China's capital account may be mostly open within five to six years, but reform of ailing banks will have to be completed first, the country's foreign exchange chief said on Saturday.
"In five to six years' time we'll see that most of the (capital) account under most situations will be convertible," Guo Shuqing, head of the State Administration of Foreign Exchange, said on the sidelines of the annual session of parliament.
China had a trade deficit of "several billion dollars" in the first two months of 2004, which should take pressure off the yuan currency - pegged at about 8.28 to the dollar - to appreciate, Guo told reporters.
But under the capital account, which largely covers flows of investment, China had a $20 billion surplus, Guo said.
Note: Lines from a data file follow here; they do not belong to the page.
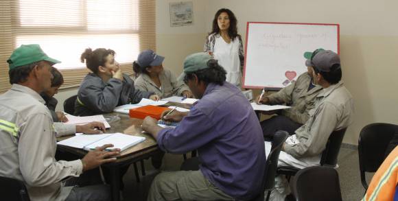 Las clases, que los operarios deben tomar obligatoriamente, se dictan 3 veces por semana. Hay 2 grupos. Uno estudia dentro del plan Fines, está integrado por 19 personas que no terminaron el ciclo primario. El otro, integrado por 17 personas que no saben leer ni escribir, está inserto en el Programa de Alfabetización.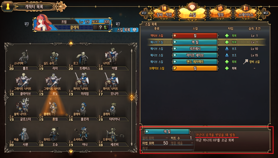 : 전투는 앞서 설명했던 것처럼 턴 방식이며 자동으로 전투가 진행된다.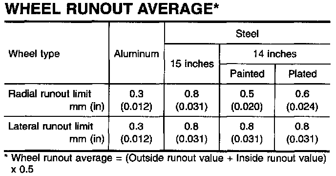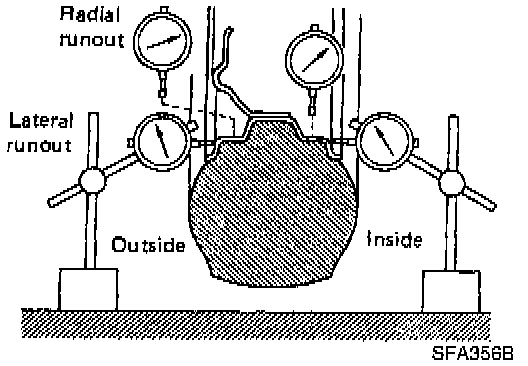 2. Check outside and inside wheel runout. Refer to illustrations.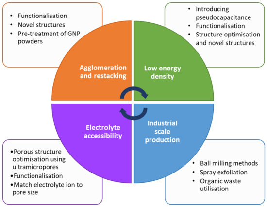 Within this review, the fundamentals of supercapacitor functionality will be discussed first and a brief description of pseudocapacitance will be given, before focusing on the EDL mechanism and EDLC devices. The problems pertaining to current supercapacitor technology will then be explored, alongside how such issues can be avoided through the choice of carbon nanomaterial and intelligent design of the porous structure. Current all-carbon based technologies being developed to overcome the drawbacks of traditional supercapacitor devices will be examined. Finally, the benefits and current research surrounding various functionalised GNP electrode materials will be reviewed. There are undoubtedly many facets to supercapacitor design beyond the electrode materials, from the binder and solvent used in the electrode ink [13,14,15,16,17,18,19] to the electrolyte choice [20,21,22,23,24,25,26], which can both have a considerable effect on the electrochemical performance of the device. Furthermore, many of the electrode materials to be discussed could also be candidates for battery technologies [27,28,29,30,31,32,33,34,35]. However, those topics are both beyond the scope of this review.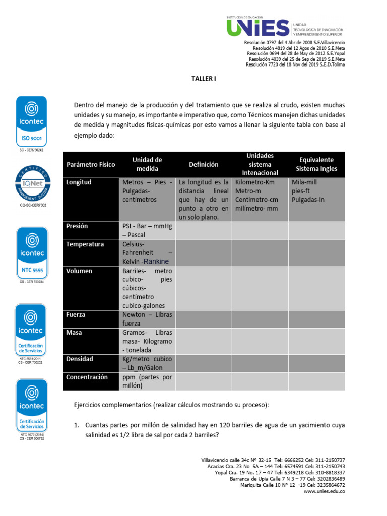 de medida y magnitudes físicas-químicas por esto vamos a llenar la siguiente tabla con base al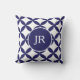 Hamptons style cushion with a modern navy blue and white geometric circles pattern, with a monogram circle on the front to add your own initials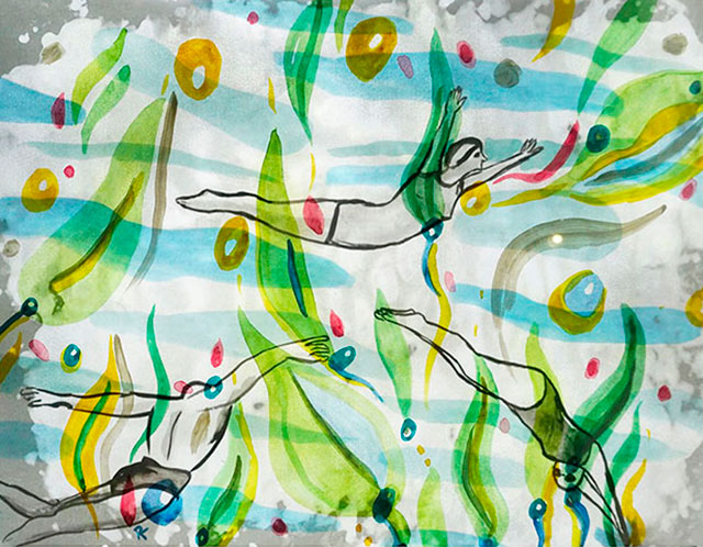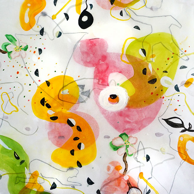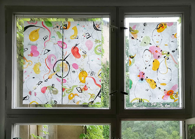 Hier wird es floraler. Die Bilder sind von 2 Seiten gemalt, gewachst und dadurch transparent geworden.
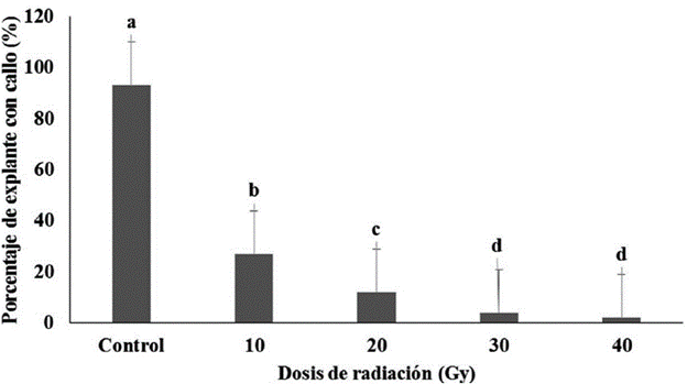 Figura 3: Porcentaje de nudo cotiledonal (NC-1) irradiado que formaron callo de P. vulgaris cultivar "ICA Pijao" a los 21 días en medio de cultivo de formación de callos. Rangos medios con letras desiguales difieren según prueba H de Kruskal Wallis y la U de Mann Whitney p ≤ 0.05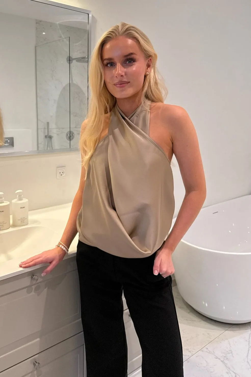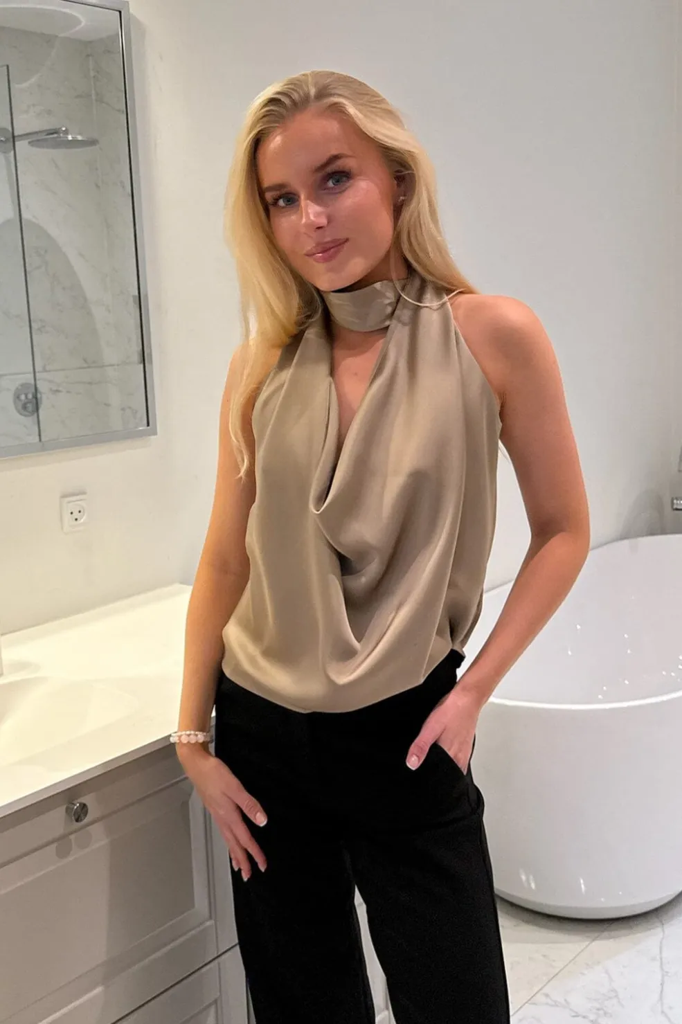 Champagnefarvet wrap-top fra BYIC med draperet front og høj hals. Toppen har en løs pasform og et skinnende udtryk med let fald i stoffet.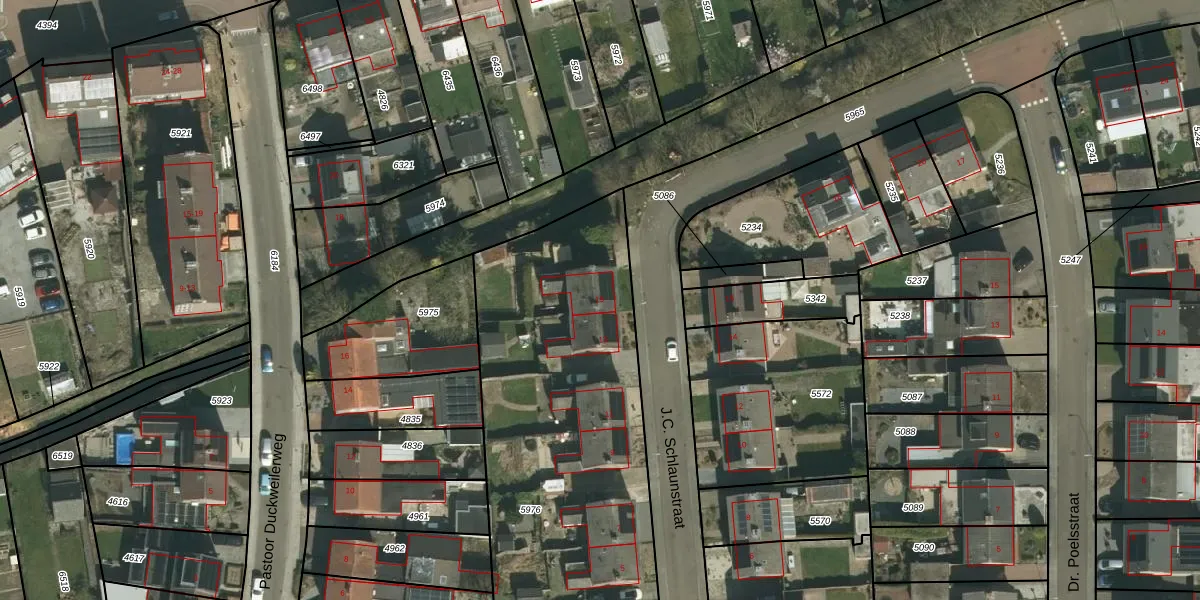 Het perceel waarop J.C. Schlaunstraat 15 staat heeft een oppervlakte van 2260 m². Dit is een zeer groot perceel. De perceeloppervlakte wordt geregistreerd door het Kadaster. Gedetailleerde informatie over de maten van dit perceel kunt u vinden in het rapport Kadastrale kaart met maatvoering van J.C. Schlaunstraat 15.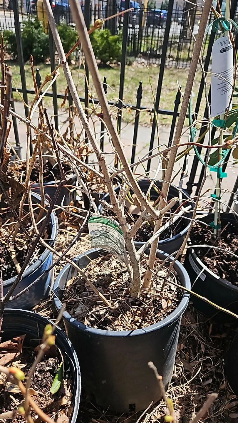 This is a European Dogwood plant in a pot. It's currently bare-root with buds starting to show. Perfect for transplanting into your garden.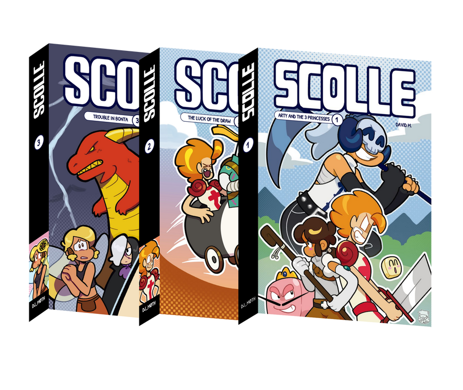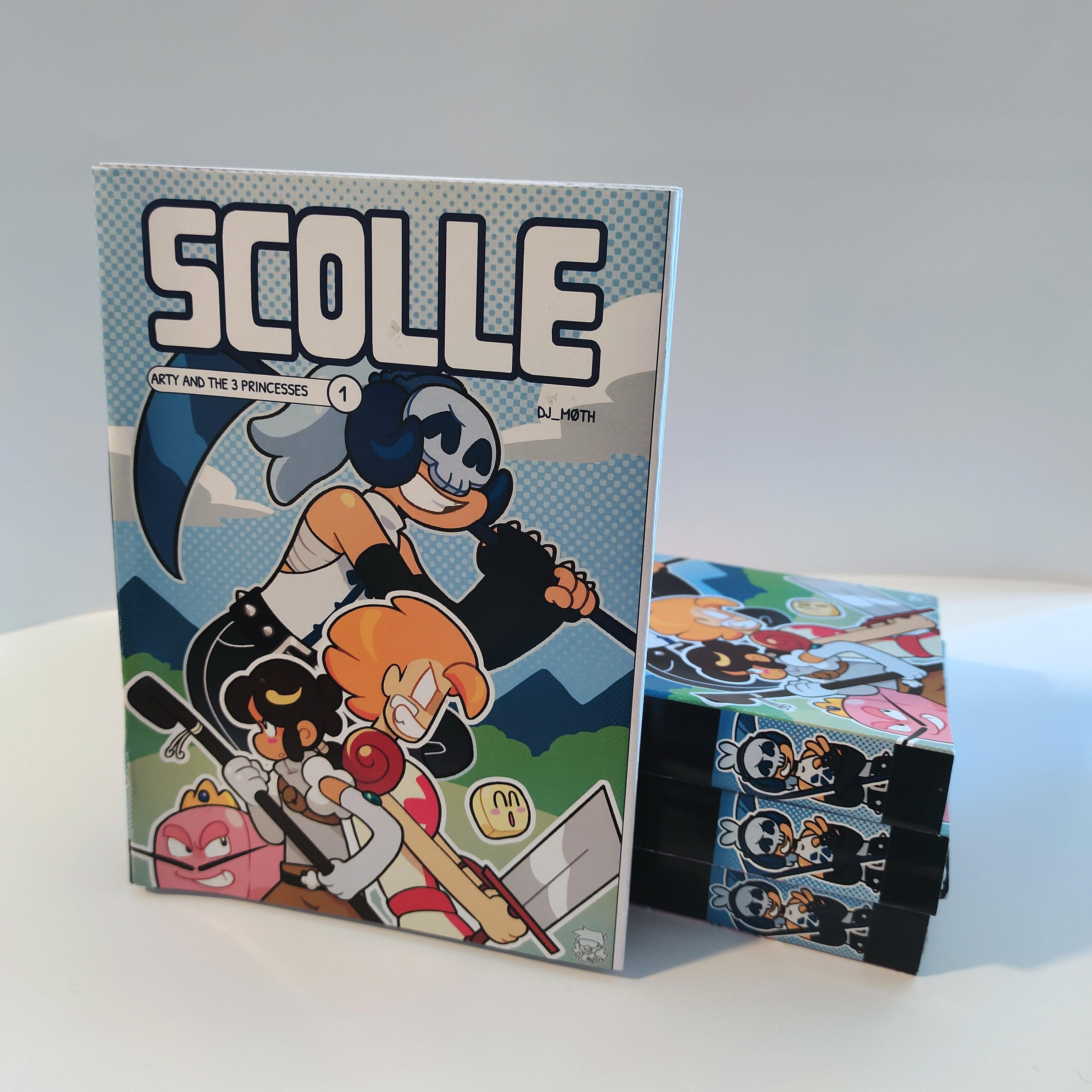 Buy the entirety of the Scolle collection with a 15% discount.This pack includes Volumes 1, 2 and 3 of Scolle, alongside their sticker packs, as well as the Arty and Goultard enamel pins.

He did not elaborate.
The United States and others have pressured Beijing to relax its strict currency controls, saying the current peg is artificially low and gives Chinese exports an unfair advantage on world markets.
They argue that if the yuan was freely convertible, China's booming economic growth and exports would make the currency rise.
Guo said China would have to finish overhauling its state banks, which are struggling with an estimated two trillion yuan ($240 billion) in bad loans.
Late last year, China injected $45 billion into Bank of China and Construction Bank to help them recapitalise and prepare for stock listings.
Guo said it was possible that more than 25 percent of the banks - half of the "Big Four" that are the bedrock of China's financial system - could be sold off to strategic investors.